__ABOUT THIS EXERCISE__: The response should contain only the line with "Ein weich gepolsterter" and every line after it to the end of the listing below, duplicated exactly; no picture belongs in it.

┌─ RAW DATA

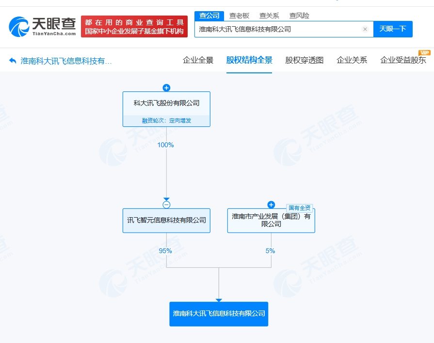 淮南科大讯飞信息科技有限公司成立于2014年12月,法定代表人为张友国,注册资本1000万人民币,经营范围包括智慧城市技术研究、体系建设、产品研发、工程建设、运营服务等。股权全景穿透图显示,该公司由科大讯飞旗下讯飞智元信息科技有限公司、淮南市产业发展(集团)有限公司共同持股。
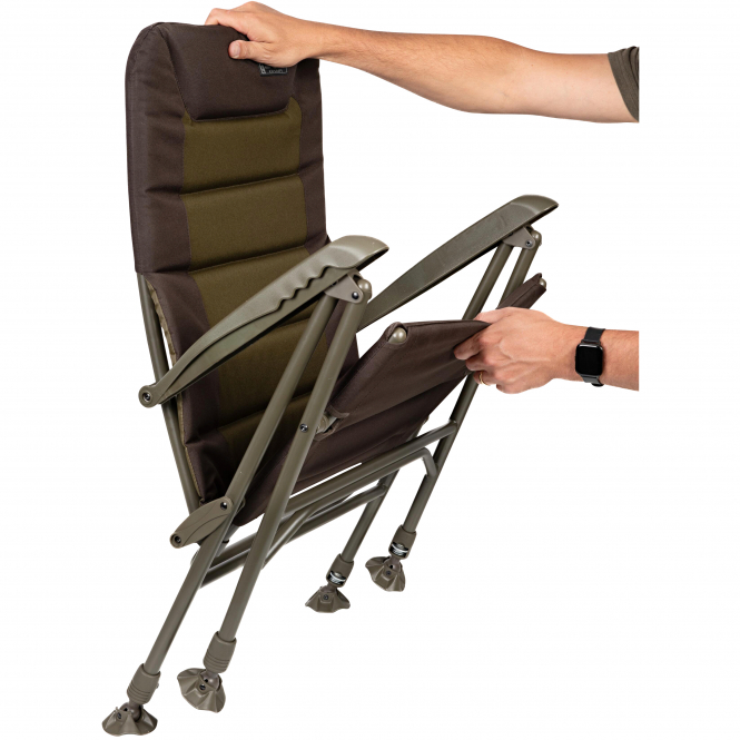 Ein weich gepolsterter Bezug und bequeme Armlehnen erhöhen den Sitzkomfort spürbar. Für den Transport lässt sich der Stuhl schnell und kompakt zusammenklappen, sodass er problemlos mitgeführt werden kann.
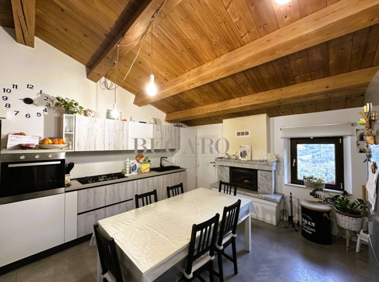 Tramite una comoda scala interna si accede al secondo piano, dove troviamo una seconda sala con cucina con camino, due camere da letto, due bagni ed un ulteriore locale con zona lavanderia.

└─

__RESULT BELOW__:
 Ein weich gepolsterter Bezug und bequeme Armlehnen erhöhen den Sitzkomfort spürbar. Für den Transport lässt sich der Stuhl schnell und kompakt zusammenklappen, sodass er problemlos mitgeführt werden kann.
 Tramite una comoda scala interna si accede al secondo piano, dove troviamo una seconda sala con cucina con camino, due camere da letto, due bagni ed un ulteriore locale con zona lavanderia.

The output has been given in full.